GHC16 / Building a Better Classroom: Lessons from Ed-Tech

One of the panels I attended at this week's Grace Hopper Celebration featured women from various companies engaging in ed tech, whether as their sole purpose or as a smaller part of their mission. Panellists included Prachie Banthia (moderator, Google), Lauren Janas (Microsoft), Stephanie Killian (Knewton), Jen Liu (Quizlet), and Sha-Mayn Teh (Teachers Pay Teachers).

iPad

The panel began with a discussion of the challenges in getting classrooms to adapt ed tech. Unsurprisingly, cost and difficulties in rolling it out topped the list. Then each panellist discussed what problems specifically they are trying to solve:
  • Learning can be static, tedious, and boring. Quizlet makes it more fun. Most users are middle and high schools using it for language learning, math science, etc. Some adults use it too, for things like med school and even bartending. Today, their focus is on K-12.
  • Knewton focuses on the problem in ed of 'one size not fitting all.' Standard models of education treat everyone the same (curriculum, pace).
  •  Some teachers were really focused on using tech in the classroom, e.g. to scale learning to class sizes of 45. Google Apps tries to support and reach the majority of teachers that aren't currently doing this.
  •  MS Office Mix supports developing materials for flipped classrooms. You can record yourself talking over a PowerPoint presentation, include quizzes, and distribute to students. The software provides analytics to improve lessons and see how well students are learning.
  • Teachers Pay Teacher helps teachers search for the right resources quickly.
Another one of the challenges faced by creators of ed tech is surviving the peak time of back-to-school. Advance planning is required to figure out how to scale the load capacity based on projected numbers of students. Launching any time after August 1 is really like launching the following year on August 1, because you've missed the critical window for adoption. The holiday season is the down-time, and that's where fixes and be made.

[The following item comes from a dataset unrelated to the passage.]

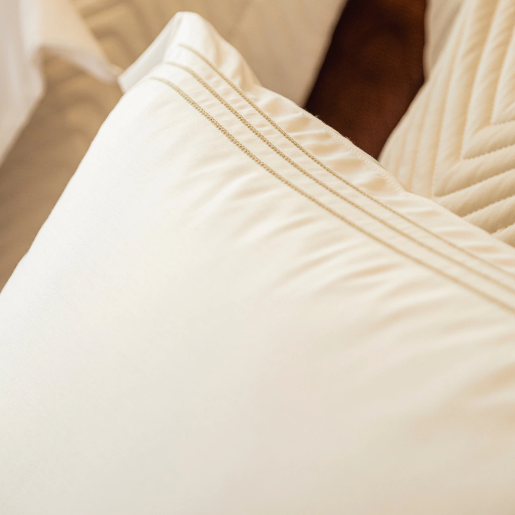 O algodão com fibra de bambu penteado 400 fios tem toque acetinado, que proporciona leveza e requinte ao produto.

So how do these panellists view adoption of ed tech? They say tech in schools is fragmented, and so it is difficult to target a particular platform. It is very important for a company to earn the trust of teachers and administrators. Teachers are reluctant to test things on students. Too much setup time will make adoption harder: class time is precious. You have to make the barrier to entry as low as possible. And, of course, there are many issues around school networks / wifi. 

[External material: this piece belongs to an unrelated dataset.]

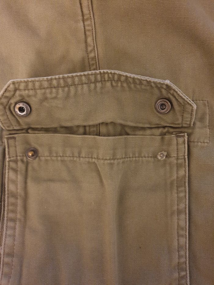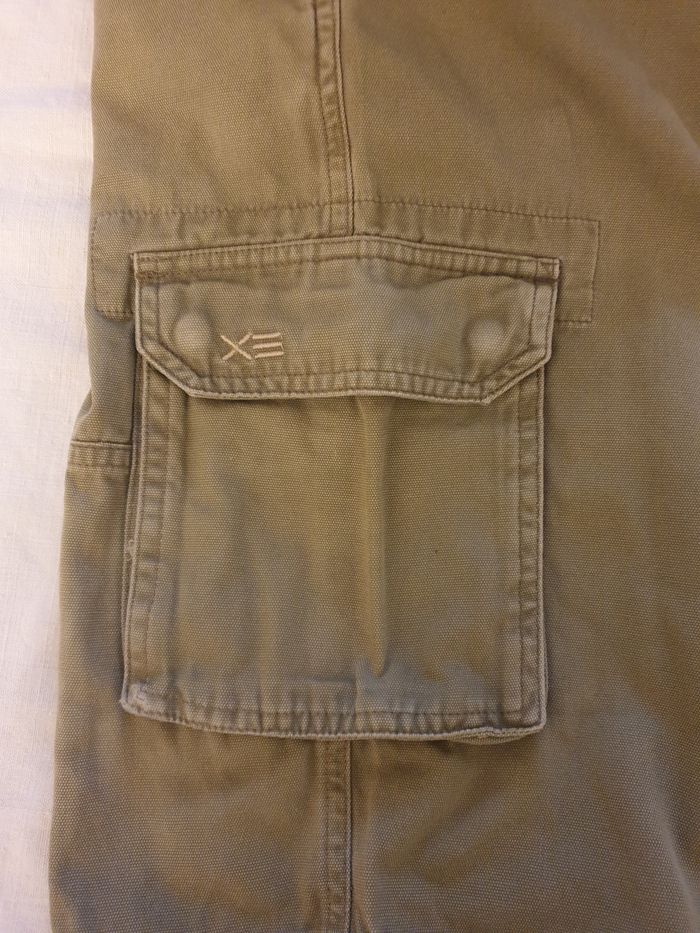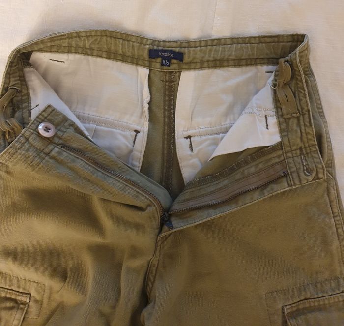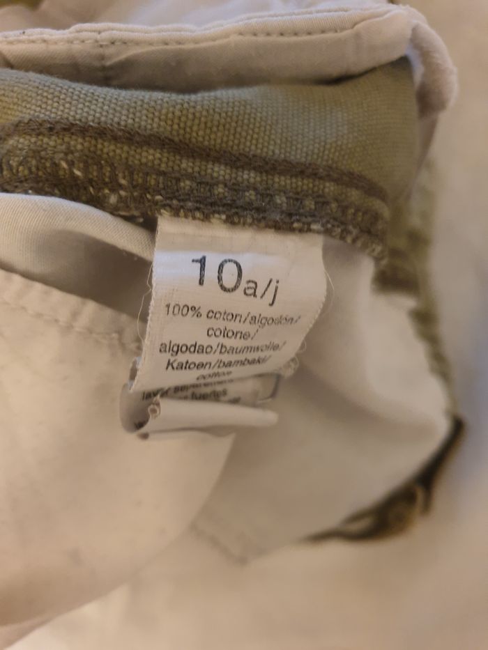 Short bermuda kaki pour petit garçon de 10 ans, en bon état général. 2 poches ouvertes à l’avant 2 poches genoux avec rabat qui ferme avec 2 pressions. Celle de la jambe gauche, a une pression défectueuse, ce qui n’empêche pas de porter le vêtement. 2 poches arrière avec rabat avec attaches pressions. Tex Basic 10 ans 100 % coton Les mesures, prises à plat, sont données à titre indicatif et peuvent varier de quelques millimètres. - Largeur taille : 32 cm - Longueur : 56 cm - Longueur entrejambe : 29 cm Envoi rapide et soigné.

When it comes to the fear that ed tech might be trying to replace teachers, the panellists say this isn't the case; they want to empower teachers. Some call themselves teacher-preneurs and they all have such passion, and find creative ways to use technology to make their point with students.

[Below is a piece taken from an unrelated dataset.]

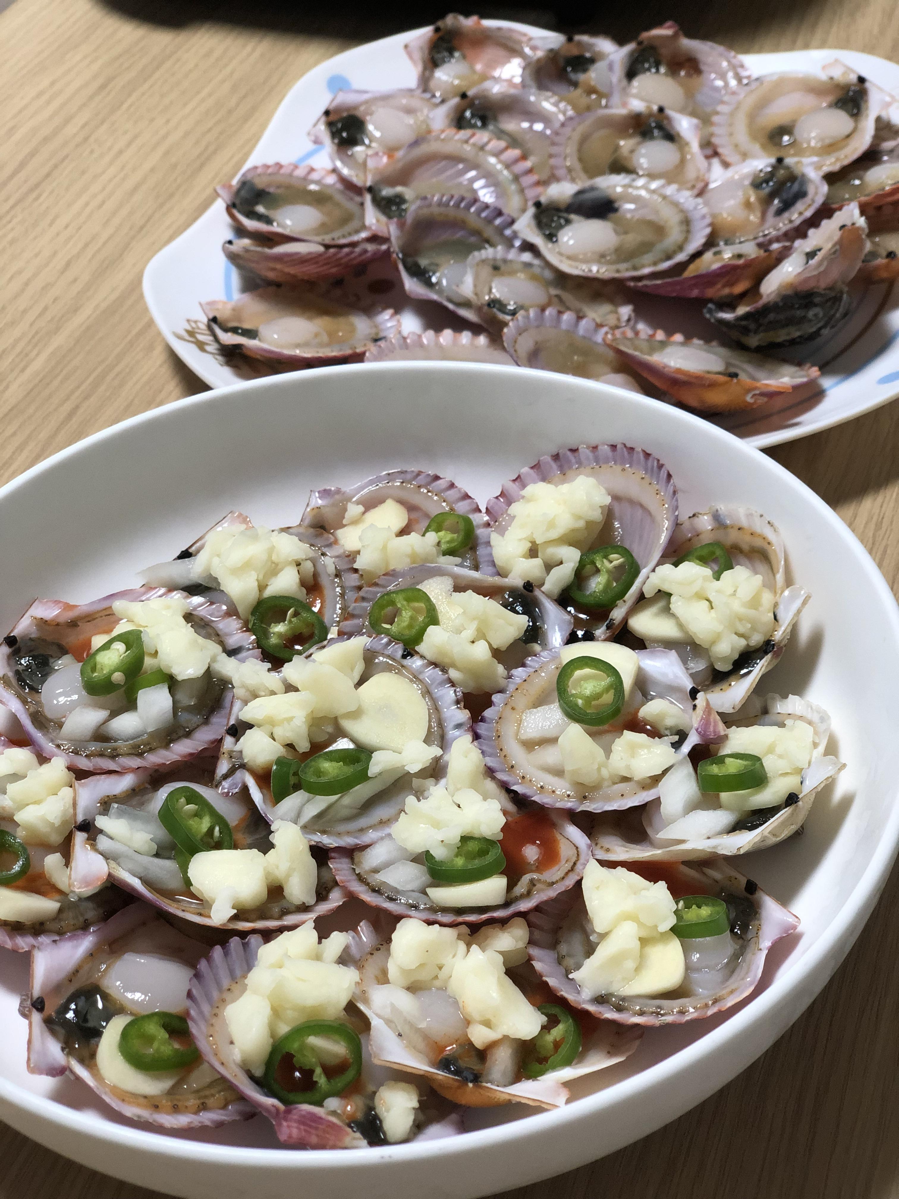 통통하게 익은 가리비와 살짝 끓여진 초장, 땡초, 마늘의 향

A controversial question: are larger companies like Google and Microsoft more likely to succeed than the smaller companies, thanks to their resources? Having a lot of spare resources does give bigger companies a leg up. Smaller companies with education as a core product need to find a revenue model, which is challenging. Enterprise partnerships can help. All agree that it is good having the larger companies there, but also the smaller disrupters. Large companies have scale, and people already know how to use their products. Even still, monetization is hard for everyone (even Google struggles with this still). Smaller companies have the advantage when it comes to the ability to disrupt: Google can't take a pedagogical stance (65 million users whose trust can be lost), but smaller companies can.

2 comments:

Garth said...

I think the question on the top of the list should be "Does it improve learning and is it better than the present methods of teaching?" I am the school IT guy so I setup and maintain the ed tech K-12. After doing and promoting ed tech for 20 years I am still not convinced it provides a significant improvement. Improvement to me implies better retention, higher interest in learning and, as much as I hate to say it, high test scores.

Gail Carmichael said...

Garth: For me, the answer to your question is that is depends on whether we are talking about the tech itself (IMO, the answer would be no) or an entire "package" of tech + updated pedagogy (then the answer might be yes). From discussions with teachers, it seems that the pedagogy part is rarely included (e.g. no training), so ften only those with the time to spare to learn that side are able to use the tech effectively.